The CHS file of designs by previous architects is large with a variety of ideas, but none materialized for an array of reasons. They faced direct opposition from local authorities, there was limited budget, and many other hurdles.
‘We were struggling in terms of the vision and felt, ‘Lord we can’t do this. We really just can’t do this. We don’t have the finance, we don’t have the right people. Maybe we heard wrong, maybe we need to stop…’ That was amazing because it pushed us back into dependence on God. And He just started opening doors. It was so faith-growing for us.’ —Pastor Brendan
Church leadership interviewed EMI South Africa Director Gerhard to assess if EMI were capable of taking on the Life Center project and if there was alignment in vision.
As we got to know them more, we realized how actively they are pursuing Christ in this segregated country. They are not afraid to be Jesus boldly.
So we noticed vision alignment but knew we would have to walk a long journey with them to make the Life Center a reality.
‘Working with EMI was a real privilege because it felt like a partnership in the Kingdom which was something bigger. But the journey is an uncomfortable, humbling thing for us. We quite like to be at the end point and destination. I think what happens along the way is where God is at work, shaping us in ways we don’t expect or imagine.’ —Pastor Brendan
Once EMI got approval from CHS, we were briefed by the leadership team on the vision for the Life Center. Then they paused, ‘However, we would like you to speak to every ministry group of the church.’

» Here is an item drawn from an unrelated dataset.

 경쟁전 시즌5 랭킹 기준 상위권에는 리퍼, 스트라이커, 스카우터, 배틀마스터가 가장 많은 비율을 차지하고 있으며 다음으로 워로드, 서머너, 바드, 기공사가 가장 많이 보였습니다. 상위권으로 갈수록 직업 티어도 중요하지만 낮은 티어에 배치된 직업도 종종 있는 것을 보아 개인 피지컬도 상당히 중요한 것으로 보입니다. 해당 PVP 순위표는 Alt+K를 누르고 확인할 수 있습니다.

They said, ‘We want to hear what the Lord has laid on the congregation’s heart for the future of CHS to see if there is alignment.’ And with that, they sent us off.
‘We believed that if the best use of the building was to serve the whole community—to cross the spheres from spiritual to family, business to educational to arts and media, adults to children—we would have to listen to people representing all those groups.’ —Angie Tate, CHS Life Center Director
So we prayed and visited with every group from the two-year-olds to the men’s group, from the mums to art classes, from the congregation to Bible study groups.

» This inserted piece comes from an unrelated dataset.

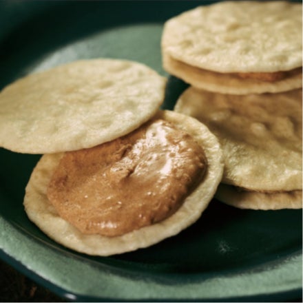 1.国産の米で作られたパリパリと香ばしい煎餅には、風味豊かなクリームサンド。洋菓子の発想で生まれた口どけなめらかなクリームは、ほんのりと塩気のある煎餅と美味しさを引き立てあいます。ビターキャラメルは、キャラメルの配合の調整を重ね、ビターで芳醇なクリームに仕上げました。

However, we came with no tick boxes, no suggestions—we just listened and gave space for God’s Spirit to move, clarify, and inspire.
‘We wanted unity at each of the key points. And that’s been hard—that’s where the work-in-progress is. The building itself isn’t finished and we think it may never be—like us. The beauty is in realizing we’re still growing.’ —Angie
I still clearly remember the silence in the room when we finally presented the feedback to the leadership.
There was a humble air and a deep joy in seeing alignment and confirmation. The congregation was in fact much more missional than leadership expected.
That feedback was all woven together into the design tapestry of the Life Center. What stands out specifically are children’s drawings from two separate classes.
They drew a building of the church with a long table next to it with the comment, ‘The table is outside because people of other faiths are also invited in.’
So we integrated a long timber table in the café, penetrating through the glass shopfront, becoming a concrete table outside. A table inviting all—inside and outside—to sit together.
The Life Center vision was to become a Home to feel welcome, a Hub for partnerships, a Harbor for resourcing, and a Holy place to sense the love of God.
These were Church of the Holy Spirit’s visionary ‘Four H’s’ and the table connects them all.